Dietro il gusto delizioso, però, racconta una storia di emigrazione e sofferenze di inizio ‘900, quando migliaia di meridionali disperati si riversavano sulle coste degli Stati Uniti alla ricerca di fortuna e non potevano nemmeno portare con sé i sapori di casa.

Caciocavallo dell'emigrante
Caciocavallo dell’emigrante. Fotografia di @_rossy_gram da MyVallo

Il caciocavallo dell’emigrante: furbizia e nostalgia di casa

Gli Stati Uniti, davanti al fiume di italiani, polacchi e irlandesi che invadevano la east coast, decisero di stabilire regole igieniche severe. Ogni popolo portava infatti con sé ricordi, abitudini, parassiti e cose da mangiare che, potenzialmente, potevano scatenare pericolosissime emergenze sanitarie. Per questa ragione, fra le importazioni vietate c’era anche la carne di maiale, il che portò all’immediata confisca di qualsiasi salame o altro prodotto similare.

La norma sanitaria non valeva per i prodotti caseari: per questa ragione, una volta diffusa la voce dei controlli delle autorità americane, gli emigranti decisero di risolvere il problema con una mossa d’astuzia: lavorare la pasta dei formaggi attorno ai salumi per nasconderli agli occhi delle guardie americane. Il formaggio avrebbe anche consentito una buona conservazione della carne al suo interno.

Poi, sulle nuove tavole americane, spesso ricavate in tuguri in cui erano ammassati decine di compaesani, avrebbero trovato da mangiare l’ultimo sapore di casa. Il caciocavallo dell’emigrante era infatti consumato a piccole dosi e con grande desiderio, fino all’inevitabile fine anche delle ultime provviste.

L’origine della ricetta è contesa fra Calabria e Campania: caciocavallo e salami sono infatti eccellenze territoriali in comune fra Irpinia, Cilento e Sila. È impossibile riuscire a risalire con certezza all’inventore del primo caciocavallo dell’emigrante, ma è certo che ogni regione meridionale sviluppò la sua ricetta. Nella provincia cosentina, infatti, al posto del salame si inseriva la soppressata.

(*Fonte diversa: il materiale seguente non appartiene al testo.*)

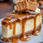 A luxurious cheesecake with a crumbly Biscoff cookie crust, smooth cream cheese filling, and a drizzle of salted caramel, offering a delightful balance of sweet and savory flavors.
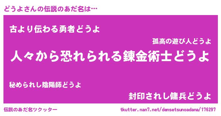 | 意味不明あだ名 | 『自称どうよ』『たけのこ科どうよ属』 |

Oggi è una ricetta ricordata solo dai nonni più anziani, quelli che ricordano l’ultimo flusso di migranti degli anni ’30 e che, magari, proprio in tenerissima età videro separarsi fratelli e cugini in luoghi lontani oltre l’immaginario di un bambino.

Naufragio mediterraneo
Un tempo i protagonisti dei naufragi nel mediterraneo erano i nostri conterranei

Italiani, migranti clandestini

Gli italiani emigranti in America non erano visti come piacevoli ospiti come accadde ad inizio XIX secolo, ma come veri e propri invasori. Assieme alle altre popolazioni povere erano ghettizzati nelle grandi città, trattati alla stregua di schiavi e costretti a fare i lavori più umili con paghe misere e senza tutele. In compenso, gli italiani portarono in America la criminalità organizzata, che finì addirittura in una guerra fra mafia e camorra nel 1907.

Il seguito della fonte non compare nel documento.